Раздался в ответ тихий, едва уловимый стук:

2—5, 3–4, 3–1, 3–4, 1–5, 2–5, 2–1, 1–3, 2–4, 5–3.

«Колодкевич», — обрадовался Мышкин.

Одиночество отступило: рядом друг, товарищ по борьбе. Они проговорили до ужина, до того часа, когда в коридоре начали грохотать солдатские шаги.

Перед сном Мышкин остановился возле другой стенки, стоял недвижимо, словно задумавшись, а ногой тихо выстукивал:

— Я — Мышкин.

— Я — Арончик, — ответила ему стена.

Тоже народоволец!

— Жить можно! — проговорил Мышкин, укладываясь спать.

Просыпается Ипполит Никитич, смотрит на пол и диву дается: весь он покрыт серебряным налетом.

Встал, потрогал — пленка легко снимается.

На другой день то же: за ночь образовалась такая плесень, что получился сплошной белесый ковер.

Сырость увеличивалась с наступлением дождливой погоды. Соль таяла, спички сырели, матрац прогнил…

В камере холодно.

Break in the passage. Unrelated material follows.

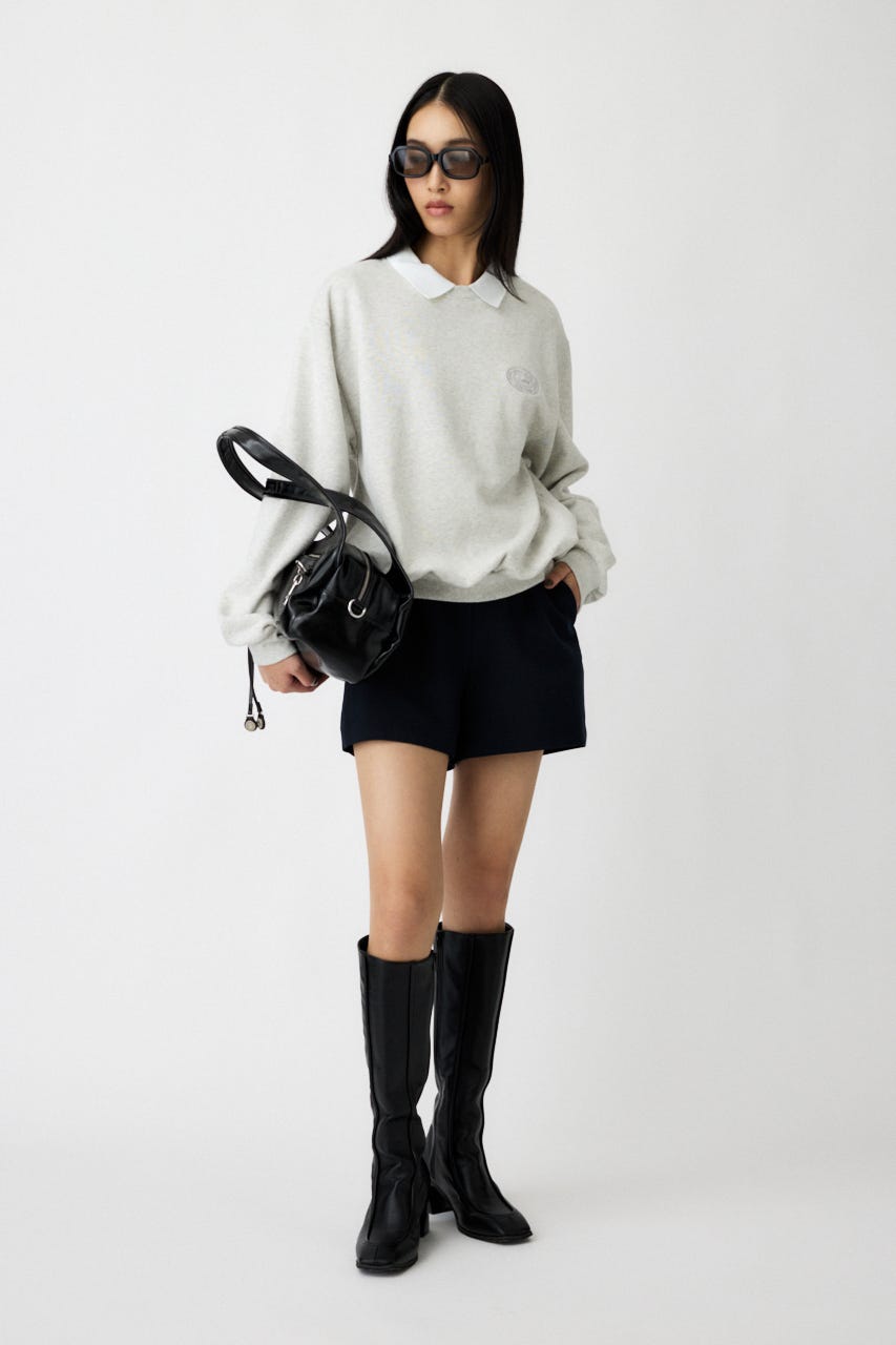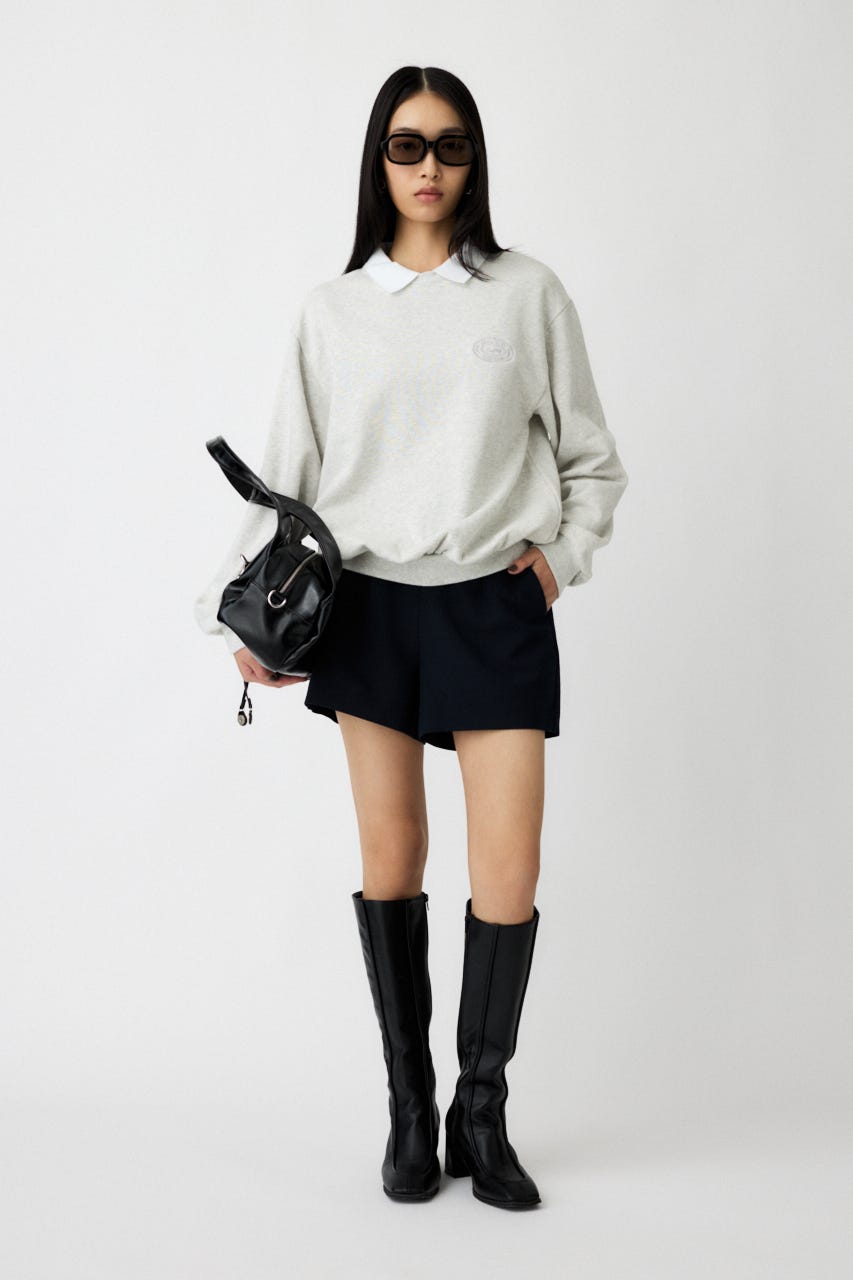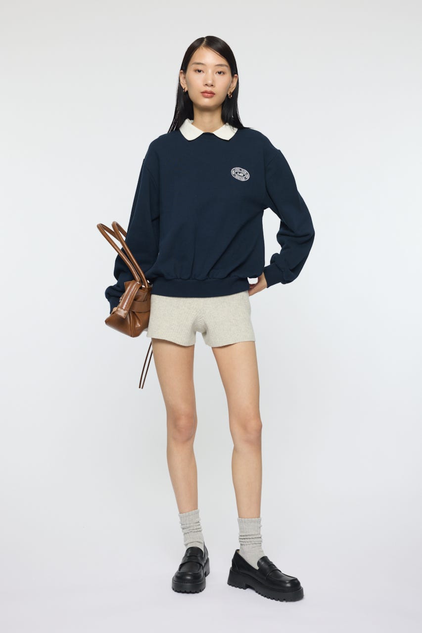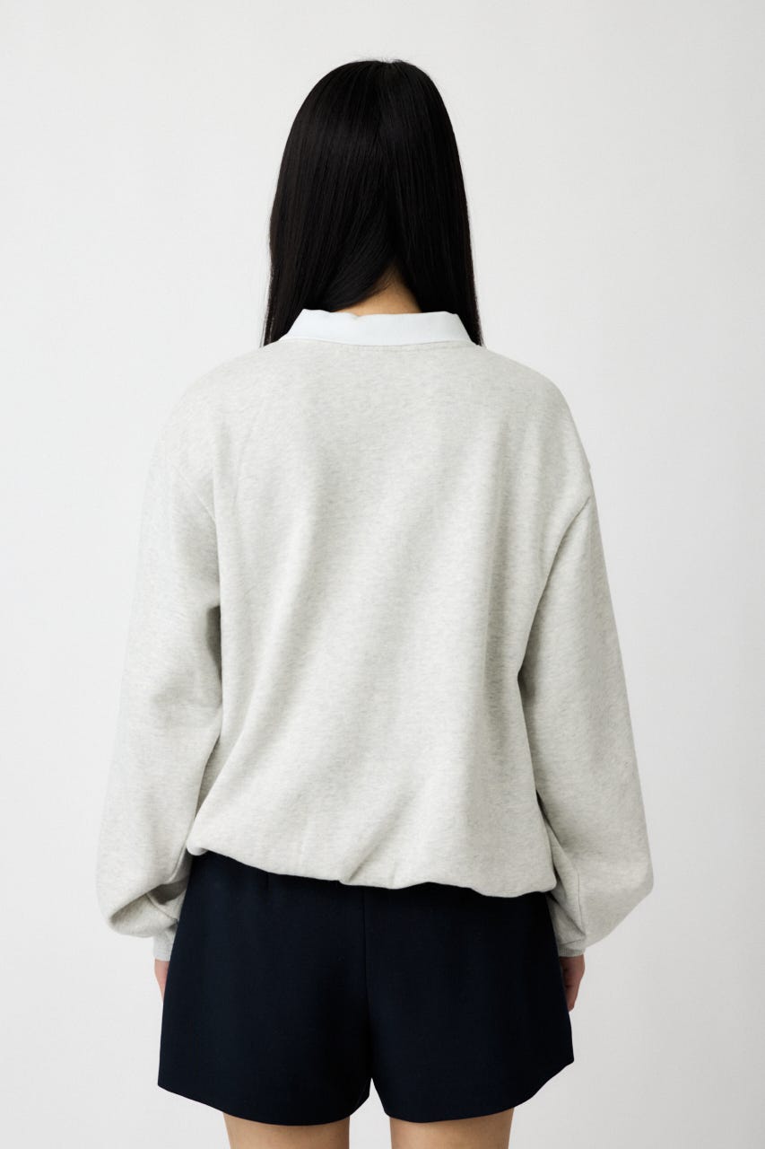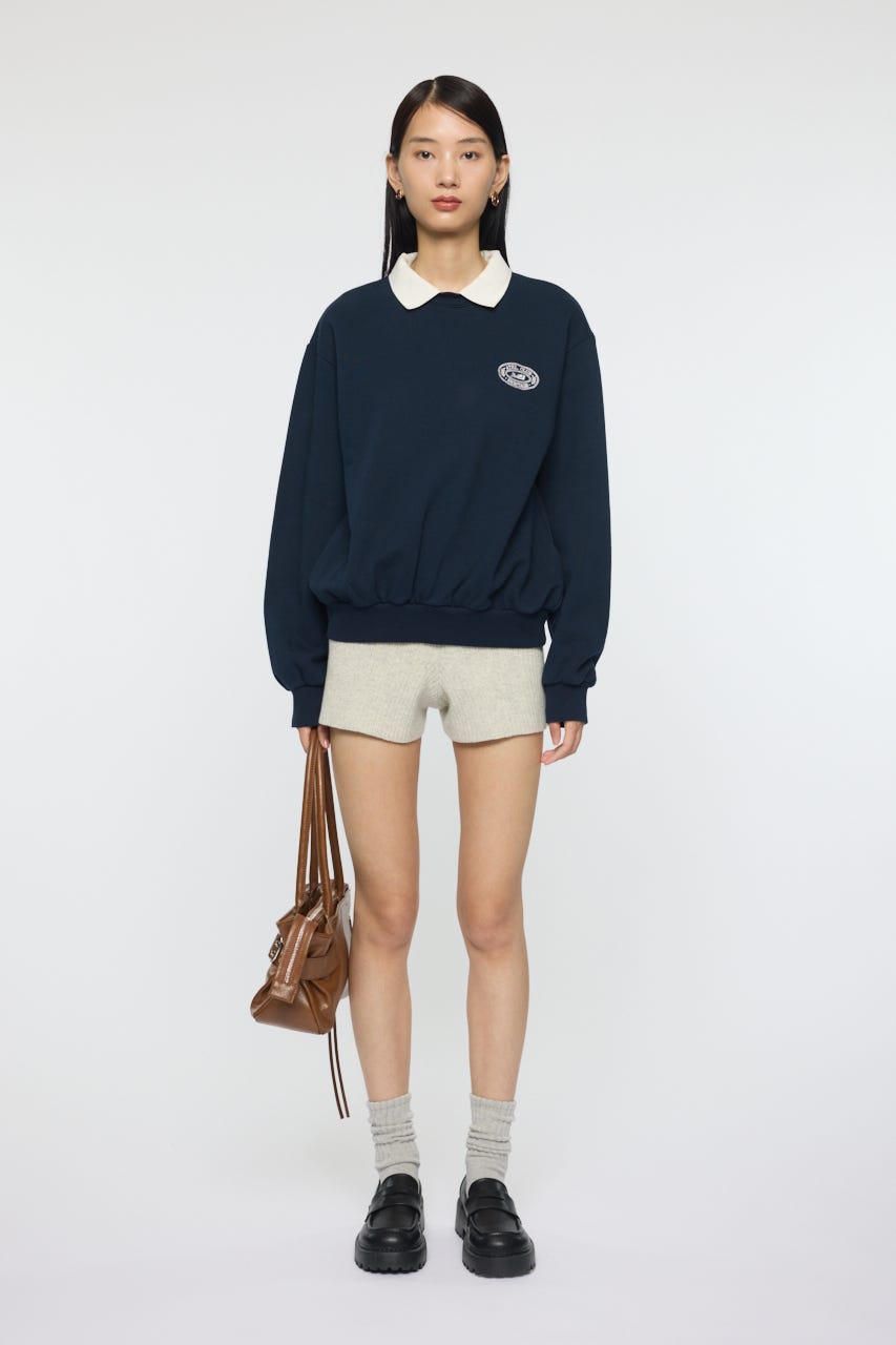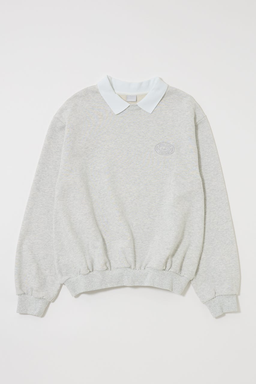 襟付きのスウェットにワンポイント刺繍を施した、クラシカルな雰囲気が魅力の1枚。

Сначала Мышкин отогревался беспрерывной ходьбой, но постепенно приходилось ему сокращать «прогулки»: уставал и на подошвах стала ощущаться боль.

«Надо чаще отдыхать», — решил Ипполит Никитич.

Новая беда! Посидит на стуле — ноги отекают. Лучше лежать. Лег, не помогает — под лодыжками появились опухоли.

Пошел пятый месяц. Ни прогулок, ни книг. Когда при утренней уборке отворялась дверь и через коридорное окно виднелось небо, облака, иногда птицы, свободно порхающие в синеве, — так манило, так тянуло на свежий воздух…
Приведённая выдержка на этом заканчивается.